Non-prescription drugs such as Aspirin or Ibuprofen may help relieve pain, but aspirin should not be given to anyone younger than 12. To prevent verrucas from spreading, keep them covered with a bandage or athletic tape. Shoes, socks, towels and bath mats should never be shared.


What is conjunctivitis?

Conjunctivitis is an inflammation of the conjunctiva, which is the white membrane covering the eyeball and inner lining of the eyelids. The infection may affect one or both eyes but is not usually painful. This comes on relatively quickly and lasts for a fairly short time. Acute conjunctivitis may clear on its own but often needs treatment from your doctor.


Mostly both eyes are affected, but often one starts before the other. The eye is sticky, with a discharge, which is worse when you wake up. The eye is red, with the blood vessels over the white of the eye more visible and swollen. The lining of the eyelids also looks redder or pinker than usual. The eye is itchy or painful.


The cause is mostly bacterial or viral in origin but can be caused by contact lenses, allergy to drugs, pollen, or foreign bodies.


Treatment depends upon the cause and is often self-limiting, but eye drops are available to help reduce the inflammation, while antibiotics may be prescribed for a bacterial infection.

You could try bathing the eyes with water or water with a pinch of salt in it.

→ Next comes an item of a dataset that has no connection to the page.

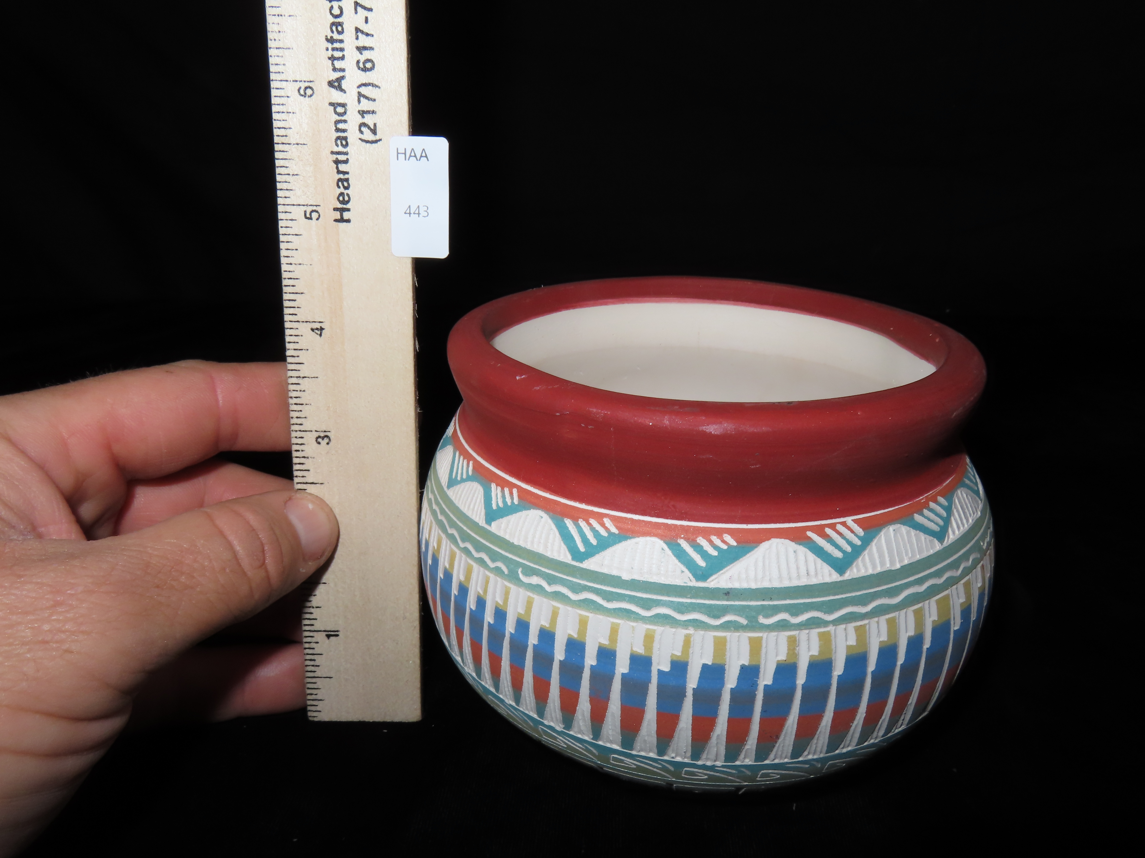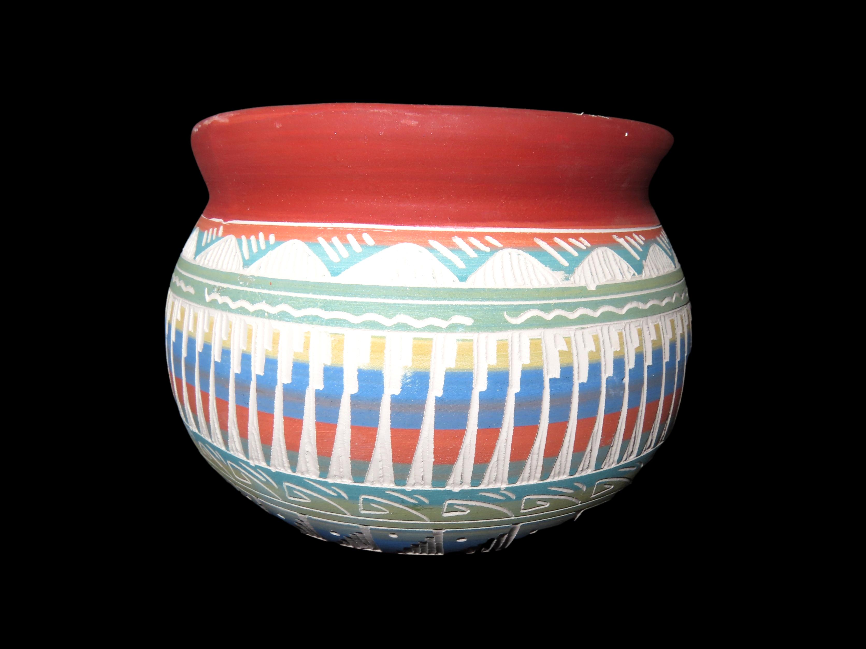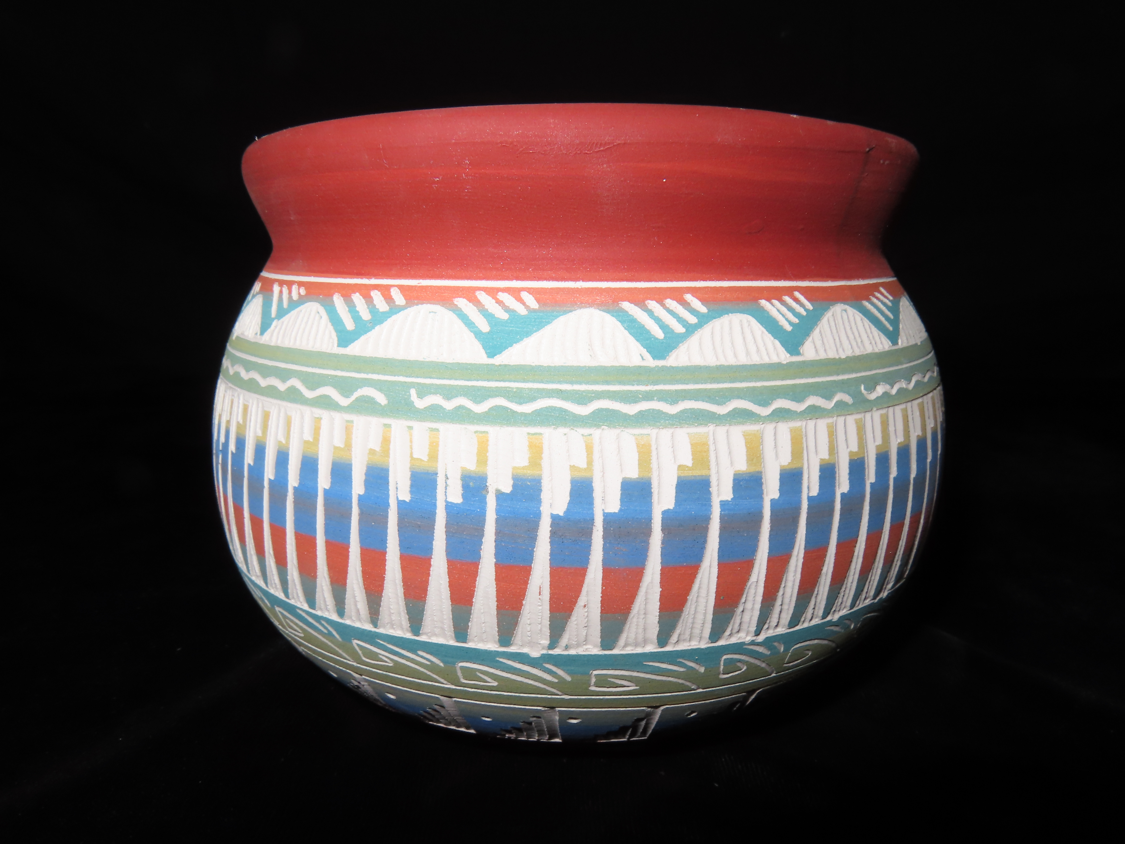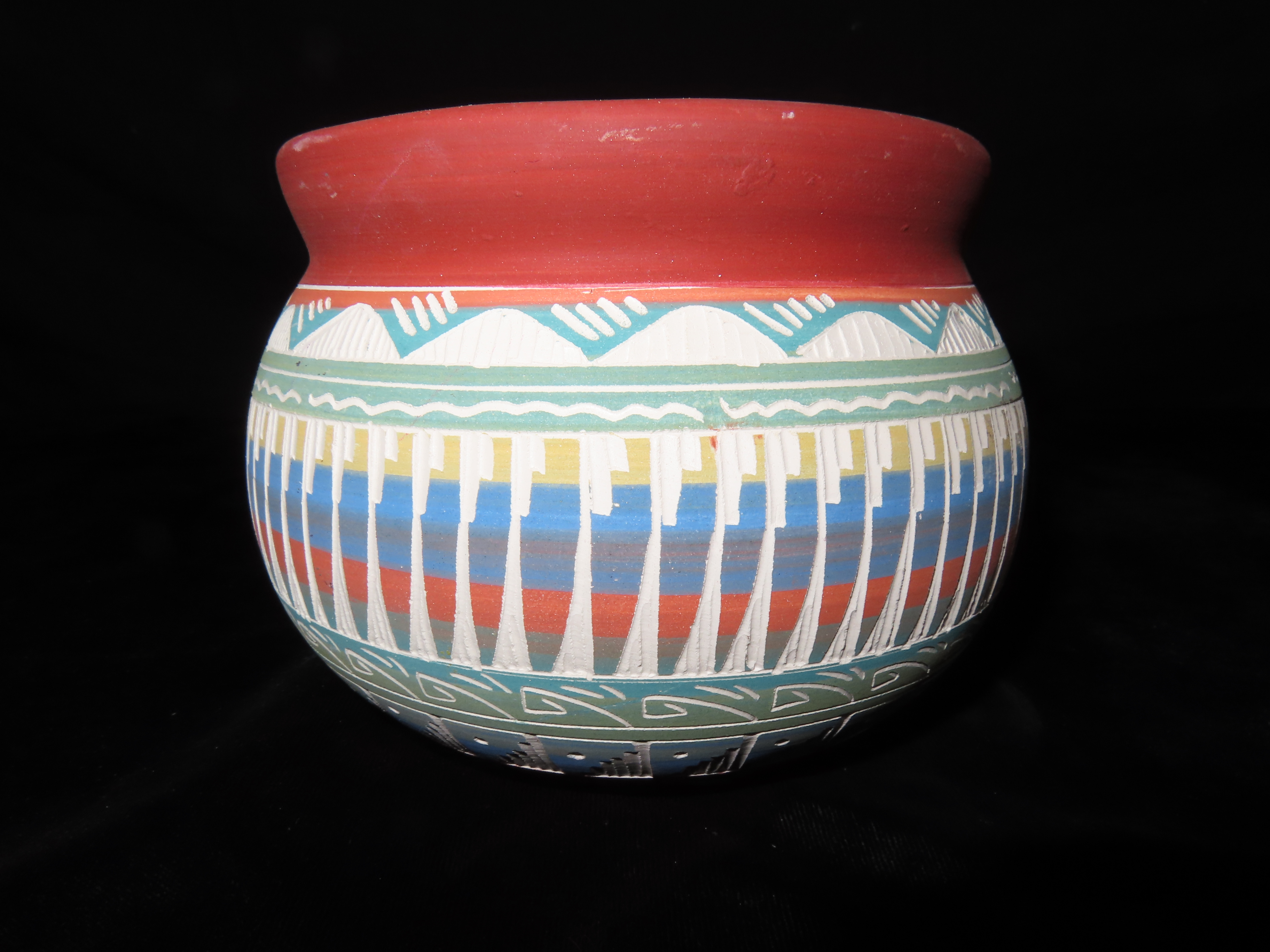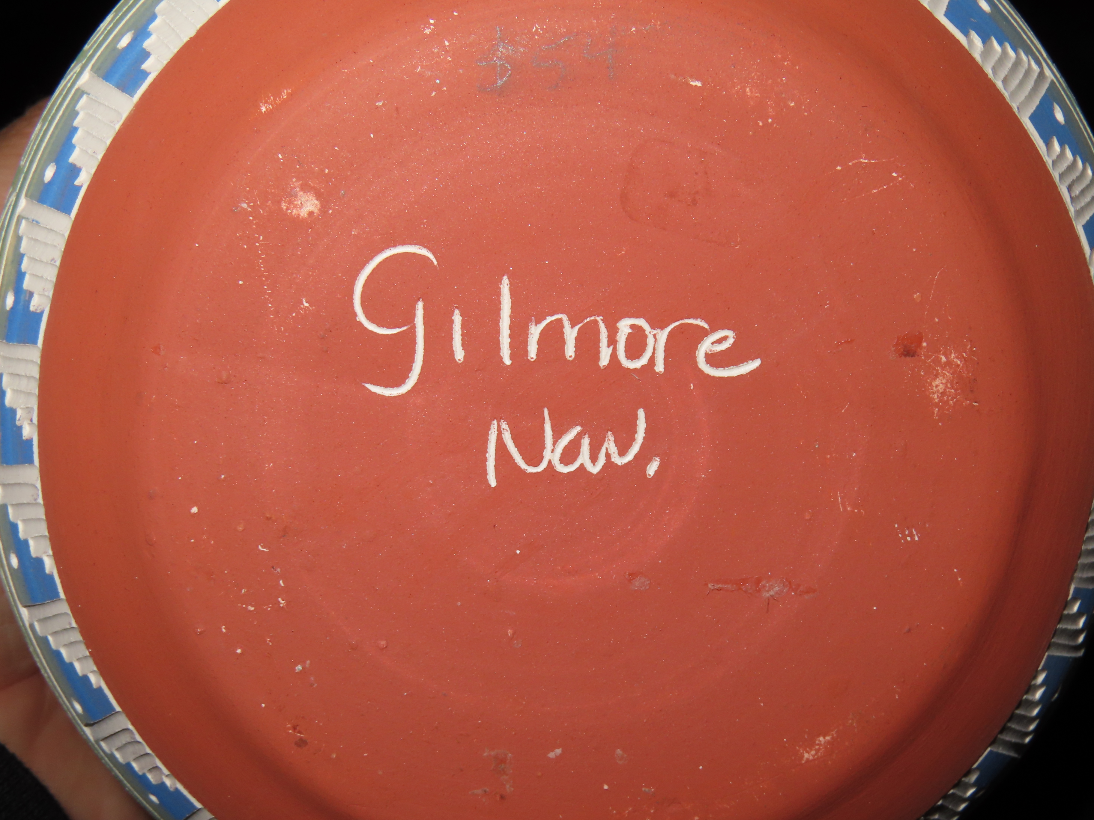 Authentic Native American Hand-crafted Pottery from the American Southwest, signed Gilmore Nav.; see photos for artist signature(if available) and approx. sizes. Key words: Native American, Indian, Signed, Navajo, Southwest, Pottery, Kokopelli, Fetish, Animal, Effigy, Anthropomorphic, Horse Hair, Terra Cotta, Hand-crafted, Fired, Glazed, Painted, Vintage, Santa Clara, Redware, Hopi, Acoma, Wedding Vase, Bowl, Vessel, Signed, Clay, Bear, Turtle, Canoe, Totem Pole, Totem, Anasazi, Cliff Dwelling, Vase, Urn, Dish, Red Clay, Black-on-black ware, Mud Hut, Incense, Lidded Box, Lidded bowl, University, Art, Project, Souvenir, Trade, Tourist, Tourism, Reservation, Hand made, New Mexico, Arizona, Red, Green, Blue, Yellow, Orange, Purple,Black

As the condition is often highly contagious, children suffering from conjunctivitis should use separate facecloths and towels to prevent it from spreading to others. If applying ointment or bathing your child’s eyes you should wash your hands immediately. Advise your child on touching his/her eyes, or she could spread the infection.

Chicken Pox

What is chickenpox?

Chickenpox is a disease marked by an itchy rash that starts out as multiple small, red bumps that quickly change into thin-walled water blisters. These blisters develop into cloudy sores, which finally become dry, brown crusts. New waves of rashes often spring up over the next two to four days. The disease typically leaves children tired and slightly feverish


A germ called the varicella-zoster virus, which passes from person to person with remarkable ease. People with the illness carry the virus on their hands and release it into the air whenever they sneeze, cough, or even breathe.

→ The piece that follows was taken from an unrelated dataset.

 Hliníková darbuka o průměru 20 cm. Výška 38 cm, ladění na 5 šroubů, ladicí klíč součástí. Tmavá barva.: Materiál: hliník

The first symptoms include a mild fever, headache, loss of appetite and general malaise. During this time, the rash of spots may appear anywhere on the body, starting as red blister-like spots which scab within 24 hours. The infection is at its most contagious during the period immediately before the rash starts, and infectivity lasts until the vesicles have formed crusts.

Once the rash appears, any fever and malaise generally diminish, and the spots continue to appear over the next few days. The itchiness of the spots is most uncomfortable, and children should be cautioned not to scratch them as it could lead to scarring.


In normal circumstances, chickenpox will run its course, and the only treatment is to help relieve itching, reduce fever and prevent any bacterial infections or other complications. Drinking plenty of fluids and applying calamine lotion to the spots, is often the best form of management.

A doctor should be contacted immediately if the child suffers a temperature rise, becomes confused, drowsy or complains of severe headache, neck stiffness or has any difficulty breathing.